DATA:
====
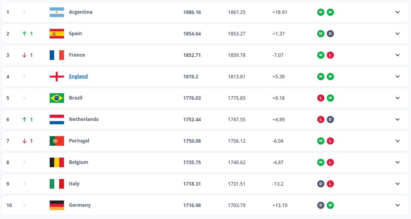 Trên bảng xếp hạng bóng đá thế giới, đội tuyển Argentina vẫn giữ nguyên thứ hạng số một của FIFA. Tây Ban Nha tăng 1 bậc lên xếp vị trí thứ nhì thế giới. Đội tuyển Pháp bị trừ 7,07 điểm, tụt 1 hạng xuống xếp thứ 3 thế giới.
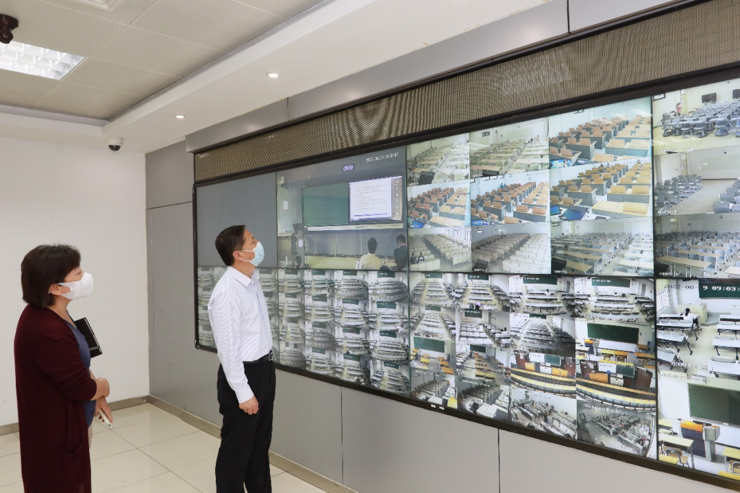 党委副书记、校长郭广生在海淀校区文华楼监控室进行线上教学秩序检查
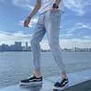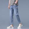 Introducing our latest addition for the fashion-forward man: these light-colored elastic skinny jeans. Crafted with a comfortable cotton blend, these 9-point length jeans offer a stylish Korean-inspired look, perfect for embracing the essence of spring. These slim-fit pants provide a sleek silhouette while ensuring flexibility and comfort for everyday wear. Ideal for youthful, trendy wardrobes, these jeans effortlessly combine modern style with practicality, making them a must-have for the season.
====
ABOUT THIS EXERCISE:
Write out exactly and only the lines that run from the start of the data above through the line containing "党委副书记、校长郭广生在海淀校区文华楼监控室进行线上教学秩序检查", leaving the pictures out.

EXPECTED OUTPUT:
 Trên bảng xếp hạng bóng đá thế giới, đội tuyển Argentina vẫn giữ nguyên thứ hạng số một của FIFA. Tây Ban Nha tăng 1 bậc lên xếp vị trí thứ nhì thế giới. Đội tuyển Pháp bị trừ 7,07 điểm, tụt 1 hạng xuống xếp thứ 3 thế giới.
 党委副书记、校长郭广生在海淀校区文华楼监控室进行线上教学秩序检查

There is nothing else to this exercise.